Gasthaus wurde durch Goethes "Faust" berühmt: Kanzler sticht in "Auerbachs Keller" ein Fass an
zuletzt aktualisiert: 28.04.2000 - 21:19Leipzig (AP). Bundeskanzler Gerhard Schröder hat am Freitagabend anlässlich des 475-jährigen Bestehens des Leipziger Gasthauses "Auerbachs Keller" das berühmte Weinfass des durch Johann Wolfgang von Goethes "Faust" weltberühmt gewordenen Lokals angestochen.
Der SPD-Politiker war Ehrengast im Festzelt "Mephistodrom" auf dem Leipziger Markt und läutete gemeinsam mit Oberbürgermeister Wolfgang Tiefensee das dreitägige Fest "Schlampamp" ein. Zuvor hatte der Magier Eberhard Baur das 1.200-Liter-Fass auf die Bühne "gezaubert".

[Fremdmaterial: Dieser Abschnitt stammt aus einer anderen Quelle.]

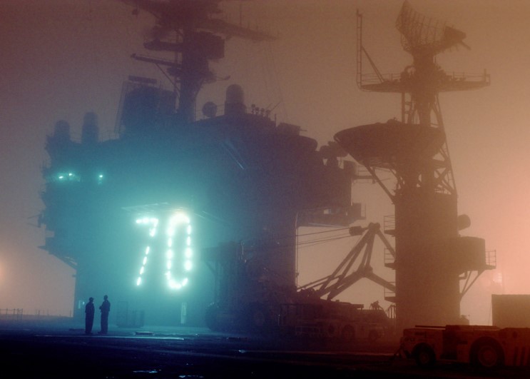 October 24, 2002: USS Carl Vinson CVN-70 seen in an early morning fog before departing on a training exercise. |

"Der hat schon einen Namen, dieser 'Auerbachs Keller', der weit über Leipzig hinaus bekannt ist", sagte Schröder. Das Gasthaus stehe an sechster Stelle unter den berühmtesten Lokalen der Welt. In Europa gibt es nach den Worten Schröders mit dem Cafe Sacher in Wien und dem Hofbräuhaus in München nur zwei Gasthäuser, die noch bekannter sind als "Auerbachs Keller".
Ein Teil des Erlöses aus dem Verkauf des Weines aus dem Fass, 10.000 Mark, kommt der Sanierung des Leipziger Völkerschlachtdenkmals zugute. "Auerbachs Keller" hatte Goethe, der seine Studienzeit in Leipzig verbrachte, zu dem Drama "Faust" inspiriert. Bei seinen zahlreichen Besuchen in dem Lokal verinnerlichte er den Mythos von Dr. Faustus, dem sagenhaften Magier, der, dank eines Bundes mit dem Teufel, auf einem vollen Weinfass aus dem Gasthaus reiten konnte.
Je ein Fassritt am ersten und letzten Abend des "Schlampamps" sind Höhepunkte der Jubiläumsfeiern. Im Gegensatz zum Ritt des Dr. Faustus startete das Spektakel jedoch nicht im Keller, sondern in umgekehrter Richtung. Das über die drei Festtage zu leerende Fass soll am Sonntag durch Zauber wieder in "Auerbachs Keller" zurückkehren.